Pattern Selection Decision Framework
The decision tree with 6 branches
Is the task a single, well-defined transformation?
|-- YES --> Direct LLM call
|-- NO
|-- Are the steps predictable and sequential?
| |-- YES --> Prompt Chaining
| |-- NO
| |-- Does input type determine handling strategy?
| | |-- YES --> Routing
| | |-- NO
| | |-- Can subtasks run independently?
| | | |-- YES --> Parallelization
| | | |-- NO
| | | |-- Does task decomposition depend on input?
| | | | |-- YES --> Orchestrator-Worker
| | | | |-- NO --> Evaluator-Optimizer
Walk through each branch with real examples
- "Translate this document to Spanish" → Single transformation → Direct LLM call
- "Generate a blog post: outline, write, edit" → Predictable sequential steps → Prompt Chaining
- "Triage this support ticket" → Input type determines handler → Routing
- "Review this code for security, performance, and style" → Independent subtasks → Parallelization
- "Refactor this codebase to use the new API" → Decomposition depends on input → Orchestrator-Worker
- "Write a function that passes these tests" → Benefits from iteration → Evaluator-Optimizer
This decision framework was created for this course. It is based on Anthropic's five agentic patterns with the "who decides" framing from Module 6 added as the organizing principle. The patterns themselves come from Anthropic's "Building Effective Agents" publication.
Multi-Agent Systems
When multiple agents are better than one: scope, specialization, reliability
Multi-agent systems use multiple specialized agents that coordinate on a task. They are useful when: a single agent's context window cannot hold all the information needed, different parts of the task require different tools or expertise, or you want to isolate failures so one bad agent does not corrupt the entire result.

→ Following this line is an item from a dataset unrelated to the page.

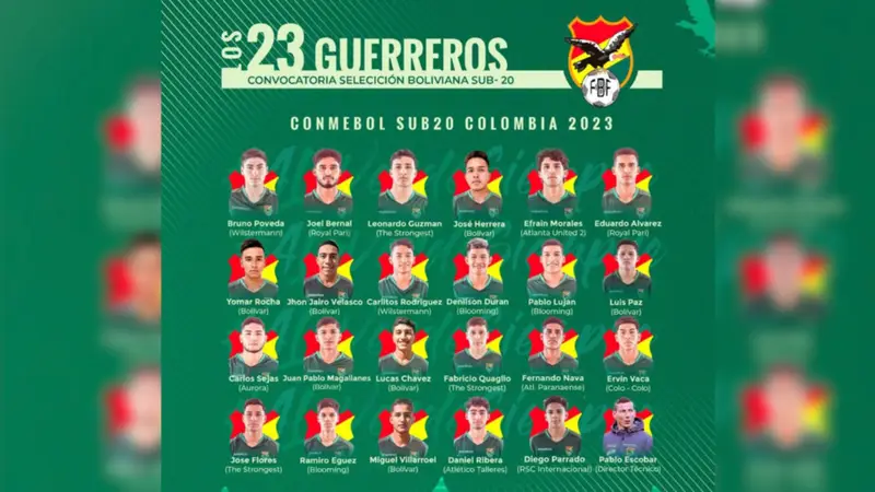 Pero conozcamos en realidad a cada uno de los jugadores que vestirán la casaca verde de nuestra selección: En el arco tenemos al guardameta que ha partido como titular al mando de Pablo Escobar, Bruno Poveda, que con sus 1,83 metros de estatura es clave para ir por arriba, viene de los registro de Wilstermann y ya ha tenido partidos en la élite del fútbol en nuestro país.

Common multi-agent architectures
- Pipeline: Agent A's output feeds Agent B's input. Sequential, like prompt chaining but with autonomous agents at each step.
- Hub-and-spoke: A central orchestrator dispatches to specialist workers. This is the orchestrator-worker pattern with full agents instead of simple LLM calls.
- Peer-to-peer: Agents communicate directly with each other, without a central coordinator. Powerful but hard to debug.
Coordination challenges: state sharing, error propagation, cost amplification
Multi-agent systems multiply complexity in three dimensions. State sharing: how do agents pass information? Shared database, message passing, or context injection? Error propagation: if one agent fails, does the whole system fail? Can other agents compensate? Cost amplification: N agents means N times the token cost, plus coordination overhead. Use multi-agent systems only when a single agent with multiple tools genuinely cannot handle the task.
Start with the simplest pattern that works. A single agent with good tools handles 90% of use cases. Only reach for multi-agent when you have a clear reason: context overflow, specialization requirements, or failure isolation needs.
Classify the following five real-world tasks using the decision framework. Write the pattern name and a one-sentence justification for each.
- Translate a document to Spanish — Which pattern? Why?
- Answer questions about uploaded PDFs — Which pattern? Why?
- Review code for security issues — Which pattern? Why?
- Generate 3 marketing angles and pick the best — Which pattern? Why?
- Research and summarize a company — Which pattern? Why?
After classifying, compare your answers with a partner or check them against the decision tree above. Discuss any cases where multiple patterns could work and how you would choose between them.